Crops, for once, saw off the influence of mixed external markets to post substantial gains in late trade on Monday – puzzling many traders.
By rights crop prices should have been, at best, mixed after the dollar began to recover ground and equities fell – a sign of waning appetite among investors for risk.
A weaker dollar also makes US exports, such as farm commodities, less competitive.
Oil, too, turned lower (just) as of 19:00 GMT, worsening prospects for crops such as corn and sugar used for making biofuels.
Furthermore, weather looked fine in the US Midwest, presenting good prospects for the delayed corn and soybean harvests playing catch up.
As Allendale put it, ahead of Chicago markets opening: "There are some that do not believe the funds had anything to do with the run higher in grains. They felt that it had everything to do with the delayed planting.
"Today gave us a day where if you believe the funds more than the market, or weather, or both it didn't matter because they all pointed lower."
But that wasn't how they finished.

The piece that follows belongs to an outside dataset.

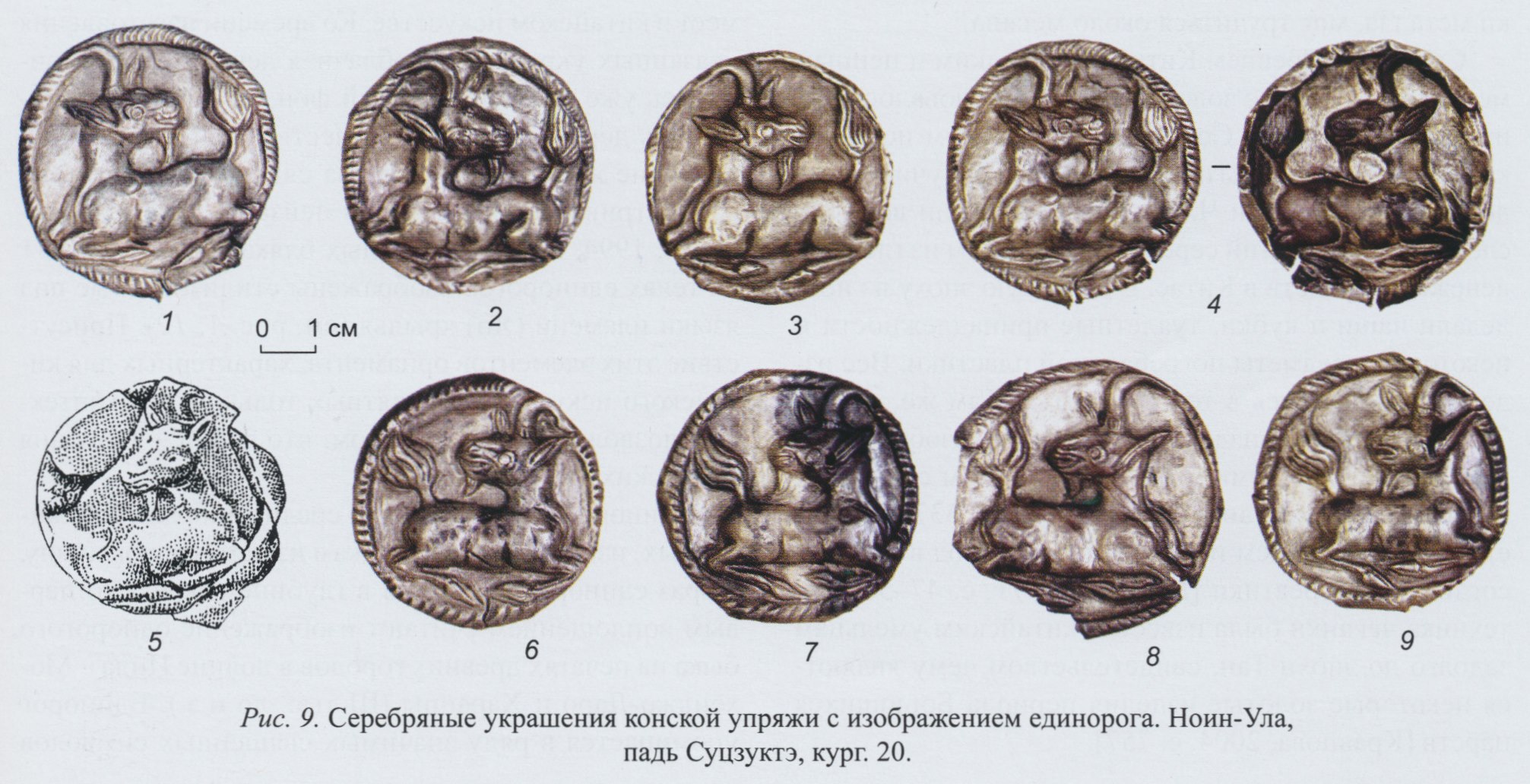 с изображением крылатых газелей находились в ханьской могиле №1 в д. Сюйцуньган уезда Ци пров. Хэнань (см. рис. 1, 8) [Краткий отчёт..., 2000, с. 42, рис. 11]. Двенадцать крупных серебряных инкрустированных блях с изображением, вероятно, единорога-хищника, зафиксировано при раскопках мог. 219 памятника Согамни в Наньшань (Северная Корея) (см. рис. 1, 4) [The ancient culture.., 2001, cat. 51]. Несколько таких предметов из случайных находок на территории Северного и Северо-Восточного Китая хранится в частных собраниях (см. рис. 1, 1-3). Это далеко не полный список известных сегодня металлических блях — украшений конской упряжи в форме тыквы-горлянки с изображениями фантастических животных, которые входят в китайский бестиарий (драконы, единороги, лошади-драконы, фениксы, олени). Многие изображения включают типично китайские элементы украшений в виде «облачных лент». Вещи, подобные найденным в кург. 20 в Ноин-Уле, пока не обнаружены западнее Монголии. Вероятно, их ареал максимально приближен к месту изготовления.

While so much was stacked against crops, grains ended the session on a flyer, leaving many marketwatchers scratching their heads.
It looks like fund buying was the critical factor, perhaps fostered by a beginning-of-the-month shopping spree.
"Funds were big, aggressive late buyers in most pits late in the session," Vic Lespinasse, at GrainAnalyst.com, said.
"This was an impressive display of the funds influence on the market."
However, some other factors may have played some part.
For soybeans, at least, upbeat weekly US export data did their bit, coming in at 63.7m bushels, well ahead of market forecasts.
And another broker, Iowa-based US Commodities, cited the potential for a poor quality corn crop, even if yields came in high, which could have a selective impact on prices.
"Quality appears to be the issue," the broker said. It was "now a concern" how many bushels of third grade corn, fit for animal rather than human consumption, would hit the market.
"Test weights and moisture are a concern for corn. This will mark the 2009 corn harvest."
Corn for December ended 4.5% higher at $3.82 ¼ a bushel, with wheat for the same month soaring 4.6% to $5.16 ¾ a bushel.
Soybeans, which have been less volatile than the grains in recent weeks, added 2.0% to $9.97 ½ a bushel for November.
The gains, coupled with weaker European currencies, and while stacked towards the end of the day, started in time to help London and Paris wheat make headway too.
Paris wheat for November added E0.75 to E127.50 a tonne, with London wheat for the same month settling up £2.00 at £104.00 a tonne.
"Today on the back of a falling dollar markets have risen slightly as buyers slowly return," Hugh Schryver, at grain giant Glencore, said.
Nonetheless, London volumes remained tiny, with 16 November lots traded, albeit an improvement on Friday's zero, and November 2010 proving the best traded contract, with a volume of 90 lots.
Softs were also stronger, even as the dollar revived with, strangely enough, fund buying credited for the rises.
Raw sugar for March added 2.4% to 23.35 cents a pound in New York, with London refined sugar adding 1.8% to $590.70 a tonne.
Coffee did even better, soaring 5.1% to 141.95 cents a pound for New York arabica beans, December delivery.
Robusta beans ended 3% higher at $1,431 in London, amid reports of strong winds and heavy rains disrupting the early harvest in Vietnam.